Meeting about EESSI and Komondor
---
## Attendees
- Alan O'Cais (UB)
- László Környei (SZE, HiDALGO2, DKF)
- Feró Orsolya, Tamás István, Debreczeni Attila (DKF)
- Máté Lohász (DKF)
- Richard Topouchain (UiB)
-
# Presention
## EESSI
* Questions
* Is EESSI delivered by squashfs
* No, but it can be (though not preferred option)
* Diskless nodes on Komondor
* See https://multixscale.github.io/cvmfs-tutorial-hpc-best-practices/
## Komondor
* GPU and AI partitions
* NVIDIA A100
* 4 GPUs on AI nodes
* AMD GPUs
* Intel on BIG DATA partition (large memory nodes)
* No local storage on the nodes
# Discussion
* Fabric support
* Need latest and greatest OpenMPI+libfabric for slingshot support
* This can be injected to replace the OpenMPI that EESSI ships
* Software updates
* via EasyBuild
* rely on community contributions
* What about GPU?
* EESSI uses [`host_injections`](https://www.eessi.io/docs/site_specific_config/host_injections/#the-host_injections-variant-symlink) to allow you to inject your drivers where EESSI can find them (we have a script that automates this)

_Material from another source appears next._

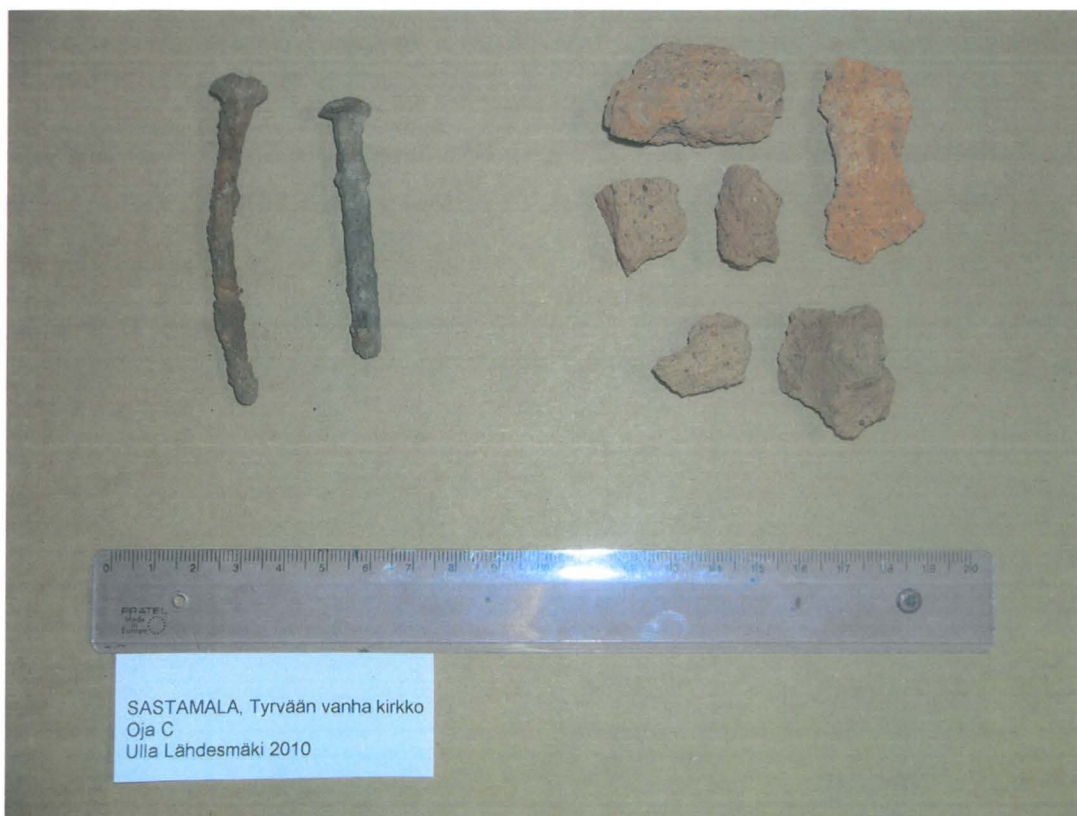
Sastamala, Tyrvään vanhan kirkon kirkkopihan tarkastus 2010. Kaapeliojan C (naulat) ja D (tiilenpalat) löydettyjä esineitä.

* The same approach is used to expose site-wide extensions of EESSI and to inject site-specific builds of OpenMPI
* What about different nodes when building other software, and GPU drivers?
* Again `host_injections`, also `EESSI-extend` installs software into an architecture specific path (so you need to perform builds natively for all architectures you want to support with your extensions)
* For example, EESSI itself submits build jobs to architecture-specific partitions of Slurm, you could adopt a similar approach with some scripting around job submissions to Slurm
* What can be done in the short term?
* You can experiment by installing CernVM-FS client on two nodes
* Diskless, so easy option is to place the cache under `/dev/shm`
* Another option is squashfs export of some packages of EESSI, and then mounting those
* User name spaces would be required _unless_ you go through a container runtime (like `apptainer`). Getting multi-node runs working via a container can be tricky, namespace mounts could avoid this.